The separation on the testing set is quite good, but it could be better for the two bottommost green circles (iris virginica). The model predicted (in the background) the red colour (iris versicolor) there. This is wrong. The reason is clear from the picture depicting the training set. The classifier tried to perfectly fit the boundary between the green and red points, making an outward-pointing tip. This is precisely overfitting and the reason for the misclassification on the testing set.

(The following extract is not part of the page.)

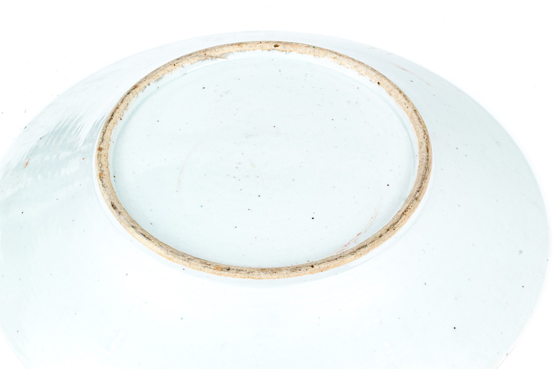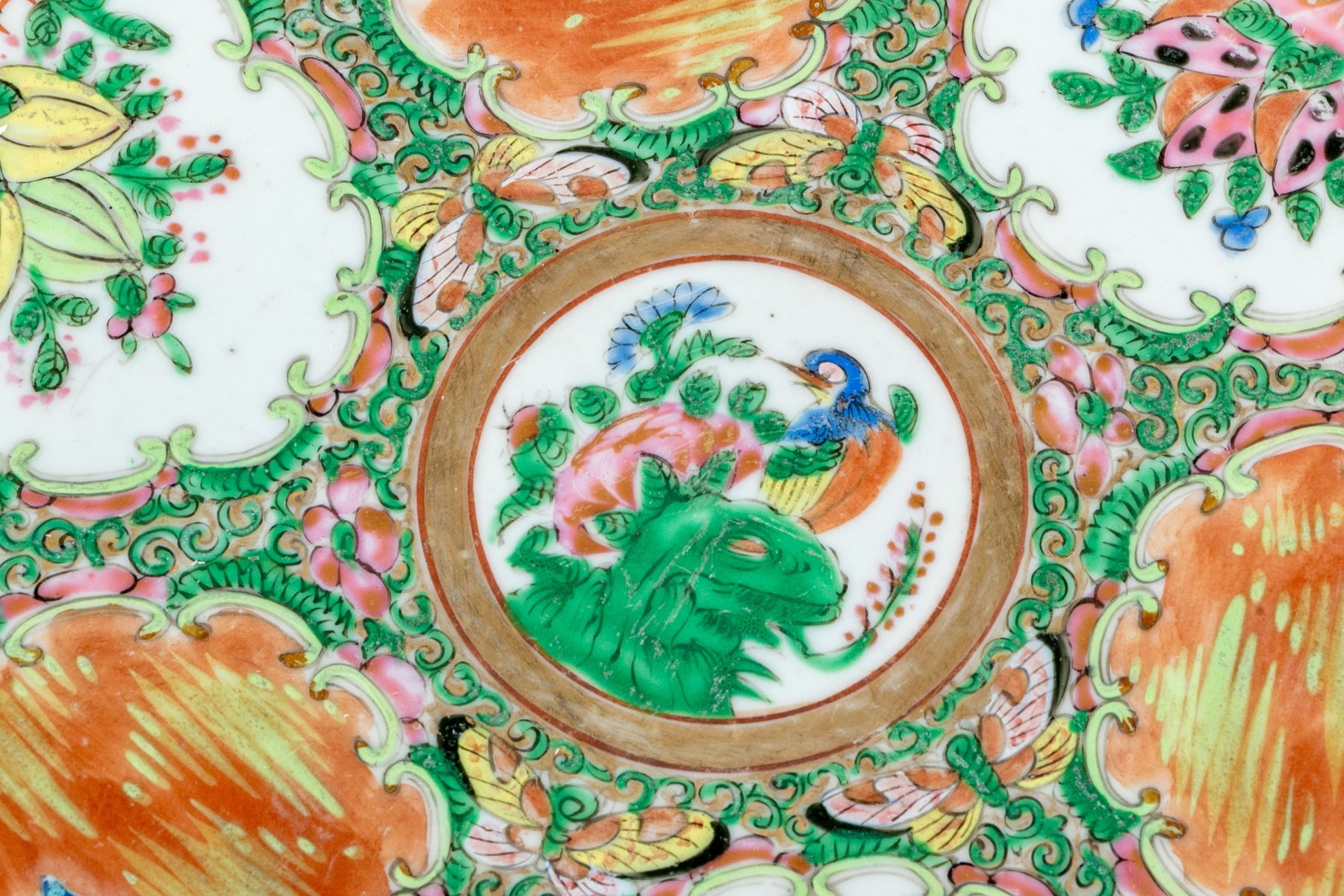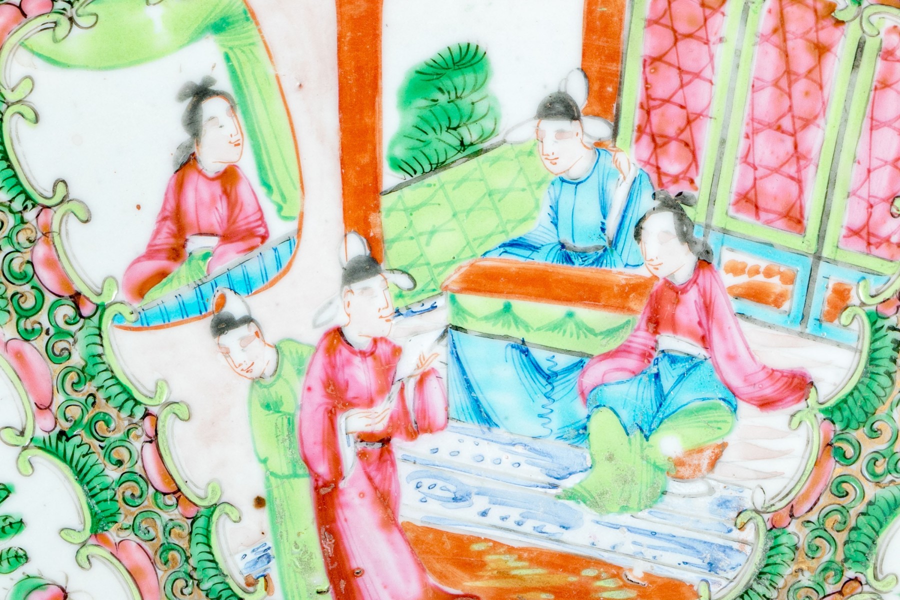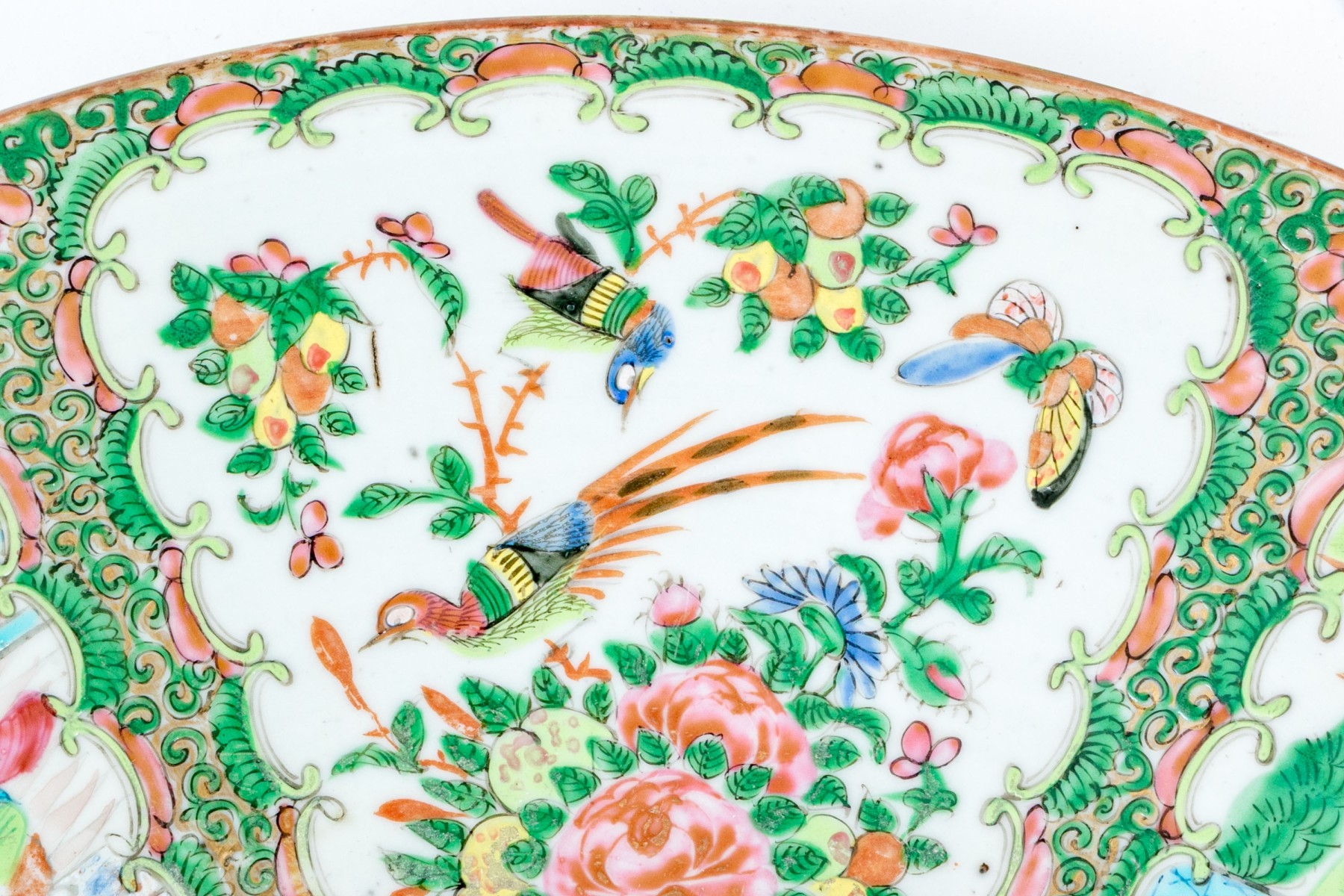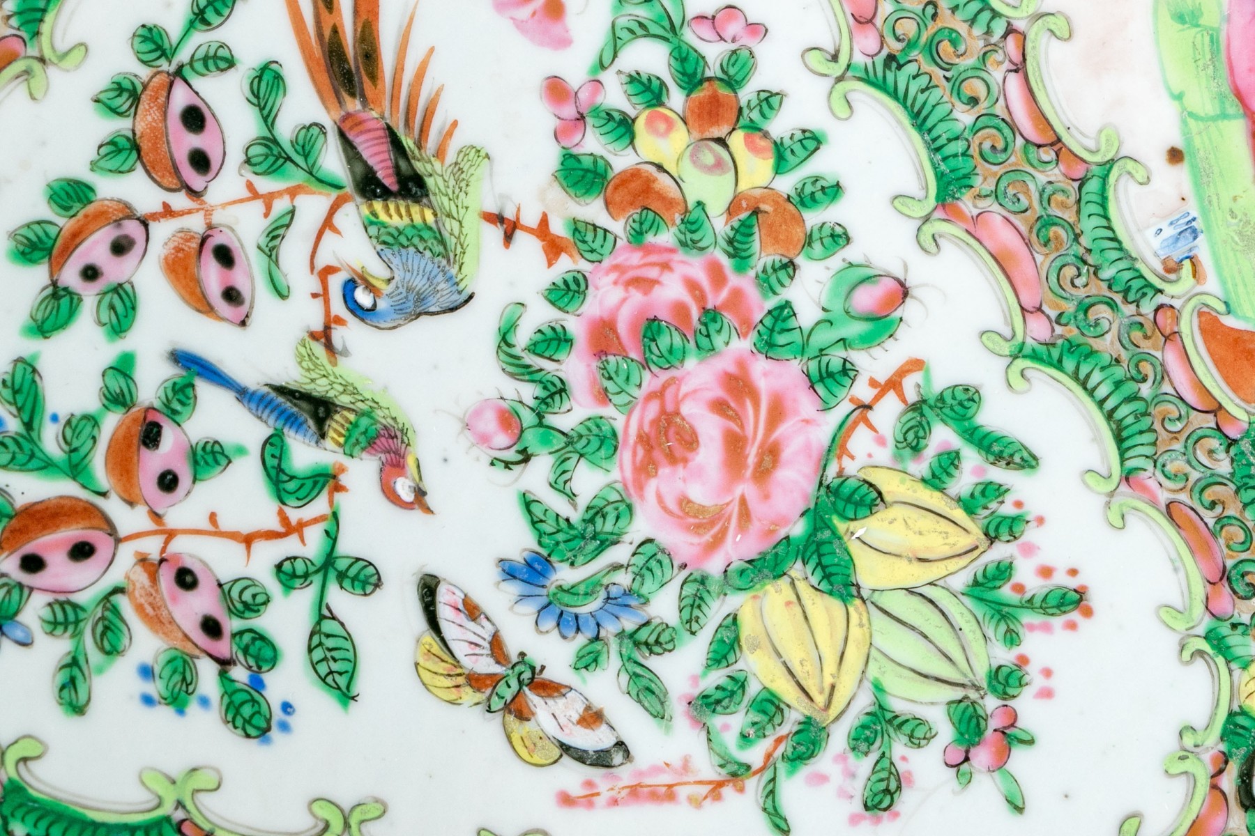 A gorgeous antique Chinese porcelain charger circa 1840 hand-decorated with classic rose medallion scenes of figures in palatial interiors, floral sprays, and colorful birds alternating with lush scalloped borders with yellow butterflies, green vines, and pink flowers.

Exercise 4: Generalization

The contour plots from Exercises 2 and 3 are strikingly different, especially in the top-left and bottom-right corners. Why is that?

Solution:

Since the dataset does not contain any data in the top-left or bottom-right corners, it does not know what to predict. From its perspective, both separations are very good.

Generalization:

If a classifier does not have any data in some region, it may predict anything there, including predictions with no sense.

Exercise 5: Universal approximation of neural networks (theory)

Proof the theorem about universal approximation of neural networks.

Solution:

Since piecewise linear functions are dense in the set of continuous functions, there is a piecewise linear function $h$ such that $\|h-g\|_{\infty}\le \varepsilon$. Assume that $h$ has kinks at $x_1<\dots<x_n$ with function values $h(x_i)=y_i$ for $i=1,\dots,n$. Defining

\[d_i = \frac{y_{i+1}-y_i}{x_{i+1}-x_i},\]

then $h$ has the form

\[h(x) = y_i + d_i(x-x_i) \qquad\text{ for }x\in [x_i,x_{i+1}].\]

It is not difficult to show that

\[h(x) = y_1 + \sum_{i=1}^n(d_i-d_{i-1})\operatorname{max}\{x-x_i,0\},\]

where we defined $d_0=0$.

Then $h$ can be represented as the following network with two layers:

  • Dense layer with $n$ hidden neurons and ReLU activation function. Neuron $i$ has weight $1$ and bias $-x_i$.
  • Dense layer with $1$ output neurons and identity activation function. Connection $i$ has weight $d_i-d_{i-1}$ and the joint bias is $y_1$.

This finishes the proof.